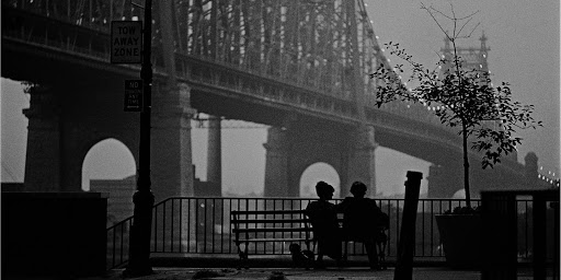 Woody Allen riprende la composizione di Hopper spostando la visione della scena dalla prima persona alla terza, inquadrando se stesso e Diane Keaton di spalle, nell’atto di ammirare il ponte sulla cinquantanovesima strada. Ciò che gioca un ruolo di estrema importanza nell’inquadratura è la fotografia, che si “sostituisce” alla resa cromatica di Hopper, scurendo completamente gli elementi sul piano più vicino allo spettatore, creando delle vere e proprie sagome, immobili e piccole davanti al tripudio di toni di grigio della struttura, vera e propria protagonista del quadro cinematografico.
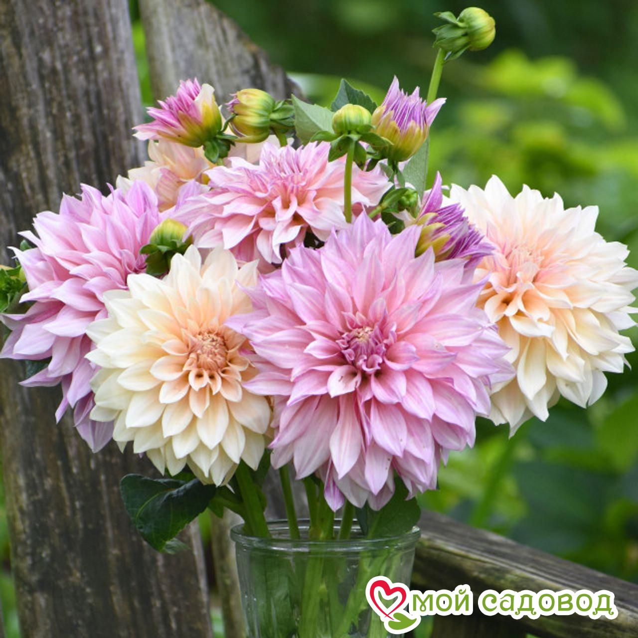 Георгина декоративная Кафе о Лейт (Cafe au Lait) — самый представительный цветок среди всех сортов георгин. На длинных, достигающих 1,5 м в высоту, стеблях располагается настоящее произведение искусства – пышное крупное соцветие цвета кофе с молоком. Цветок может достигать 22 см в диаметре. Лепестки бархатные, слегка закрученные, остроконечные, отгибающиеся к стеблю. Что придает соцветию необычайный объем. Листья овальные, крупные, темно-зеленые. Для достижения наиболее крупных цветков следует срезать боковые бутоны. Посадка георгины: Высаживать георгины в грунт можно, когда земля прогреется. Ямки под георгины должны быть больше комка корней в три раза, чтобы корни георгина погрузились в них полностью и осталось ещё 5-7 см. На дно ямки уложите слой перепревшего компоста или навоза, затем присыпьте навоз землей, чтоб не обжечь корни георгина, уложите проросший клубень и прикопайте так, чтобы под землей оказалось несколько сантиметров стебля. Уход за георгиной: Мульчирование участка с георгинами, кроме защиты растений от слизней, даст вам возможность отказаться от таких утомительных работ, как прополка и рыхление почвы, а также не позволит почве в знойные дни быстро высыхать. Поливать георгины нужно обильно 1-2 раза в неделю (если не идут дожди), но не позволяйте влаге застаиваться в корнях: клубни георгин склонны к загниванию. В сильную жару сохранить влагу помогает окучивание после полива. Перед следующим поливом почву от стеблей нужно отгрести, полить растения, а затем опять окучить.
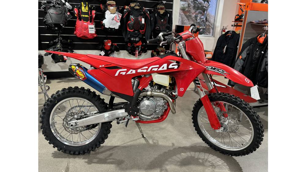 - Big power on tap! The EX 450F motor delivers monstrous amounts of torque from its compact SOHC motor, which our engineers have reduced in weight for 2024. We don't need to tell you that the EX 450F absolutely rips but thanks to a little engineering wizardry, and a slight tilt backwards in the frame, the motor further centralizes mass in addition to significantly improving anti-squat behaviour. In short, this bike handles like a dream.
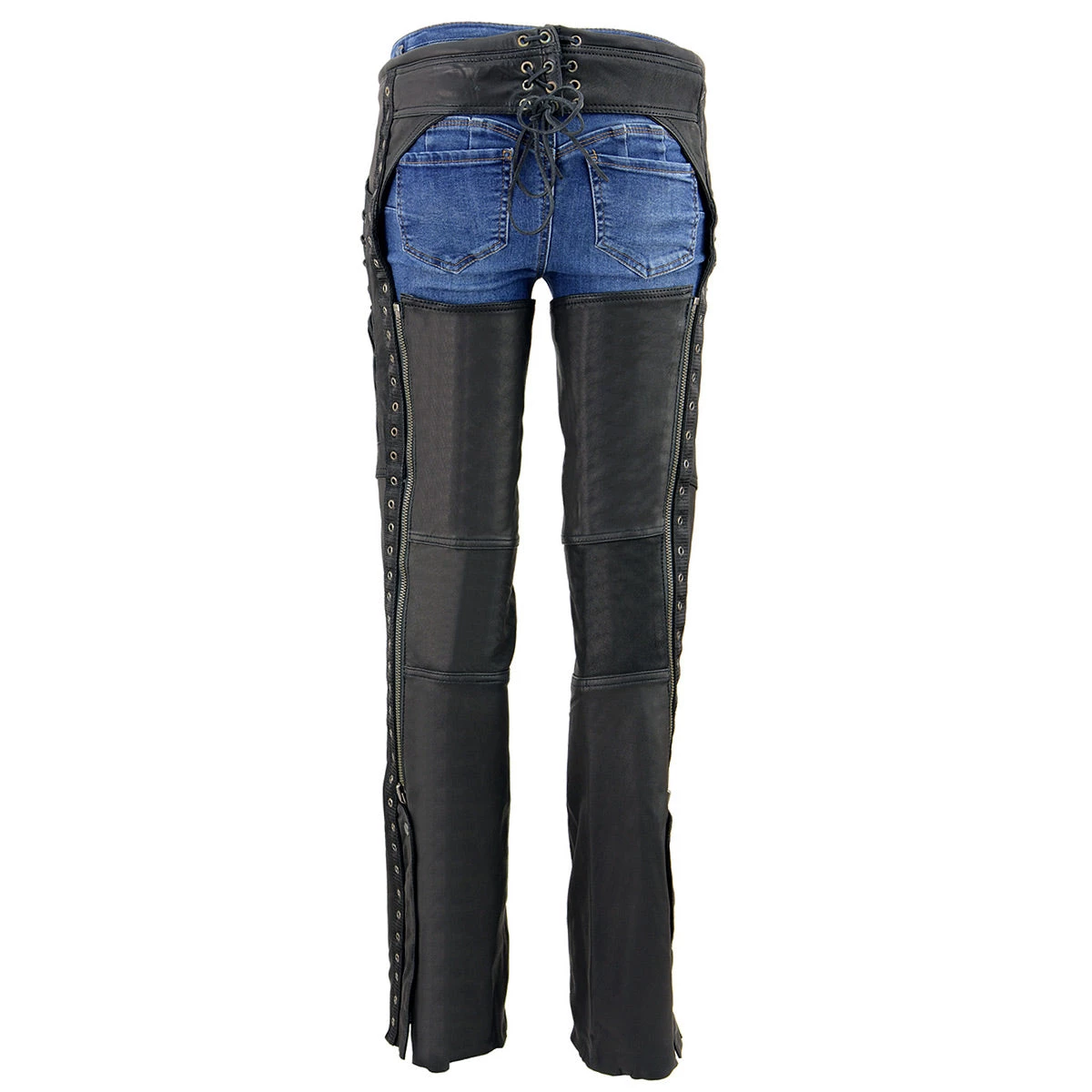 Milwaukee Leather MLL6535 Women’s Black Lightweight Hip Set Chaps with Lace and Grommet Details
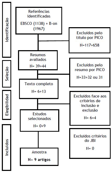 Replicando-se a mesma metodologia na plataforma B-on foram encontrados 1967 artigos dos quais, 702 artigos foram selecionados após a inserção dos critérios de inclusão. Destes, 658 foram rejeitados pelo título ou pelo assunto e 31 pelo resumo. Dos 13 resultantes, 4 foram excluídos após a leitura integral do texto, dado não cumprirem os critérios de inclusão definidos. Como resultado final obtiveram-se 9 artigos que preenchem os critérios de inclusão.

> _TASK GOAL_:
Produce the entries above once more, exactly as given, with each picture left out.

> _TASK RESPONSE_:
 Woody Allen riprende la composizione di Hopper spostando la visione della scena dalla prima persona alla terza, inquadrando se stesso e Diane Keaton di spalle, nell’atto di ammirare il ponte sulla cinquantanovesima strada. Ciò che gioca un ruolo di estrema importanza nell’inquadratura è la fotografia, che si “sostituisce” alla resa cromatica di Hopper, scurendo completamente gli elementi sul piano più vicino allo spettatore, creando delle vere e proprie sagome, immobili e piccole davanti al tripudio di toni di grigio della struttura, vera e propria protagonista del quadro cinematografico.
 Георгина декоративная Кафе о Лейт (Cafe au Lait) — самый представительный цветок среди всех сортов георгин. На длинных, достигающих 1,5 м в высоту, стеблях располагается настоящее произведение искусства – пышное крупное соцветие цвета кофе с молоком. Цветок может достигать 22 см в диаметре. Лепестки бархатные, слегка закрученные, остроконечные, отгибающиеся к стеблю. Что придает соцветию необычайный объем. Листья овальные, крупные, темно-зеленые. Для достижения наиболее крупных цветков следует срезать боковые бутоны. Посадка георгины: Высаживать георгины в грунт можно, когда земля прогреется. Ямки под георгины должны быть больше комка корней в три раза, чтобы корни георгина погрузились в них полностью и осталось ещё 5-7 см. На дно ямки уложите слой перепревшего компоста или навоза, затем присыпьте навоз землей, чтоб не обжечь корни георгина, уложите проросший клубень и прикопайте так, чтобы под землей оказалось несколько сантиметров стебля. Уход за георгиной: Мульчирование участка с георгинами, кроме защиты растений от слизней, даст вам возможность отказаться от таких утомительных работ, как прополка и рыхление почвы, а также не позволит почве в знойные дни быстро высыхать. Поливать георгины нужно обильно 1-2 раза в неделю (если не идут дожди), но не позволяйте влаге застаиваться в корнях: клубни георгин склонны к загниванию. В сильную жару сохранить влагу помогает окучивание после полива. Перед следующим поливом почву от стеблей нужно отгрести, полить растения, а затем опять окучить.
 - Big power on tap! The EX 450F motor delivers monstrous amounts of torque from its compact SOHC motor, which our engineers have reduced in weight for 2024. We don't need to tell you that the EX 450F absolutely rips but thanks to a little engineering wizardry, and a slight tilt backwards in the frame, the motor further centralizes mass in addition to significantly improving anti-squat behaviour. In short, this bike handles like a dream.
 Milwaukee Leather MLL6535 Women’s Black Lightweight Hip Set Chaps with Lace and Grommet Details
 Replicando-se a mesma metodologia na plataforma B-on foram encontrados 1967 artigos dos quais, 702 artigos foram selecionados após a inserção dos critérios de inclusão. Destes, 658 foram rejeitados pelo título ou pelo assunto e 31 pelo resumo. Dos 13 resultantes, 4 foram excluídos após a leitura integral do texto, dado não cumprirem os critérios de inclusão definidos. Como resultado final obtiveram-se 9 artigos que preenchem os critérios de inclusão.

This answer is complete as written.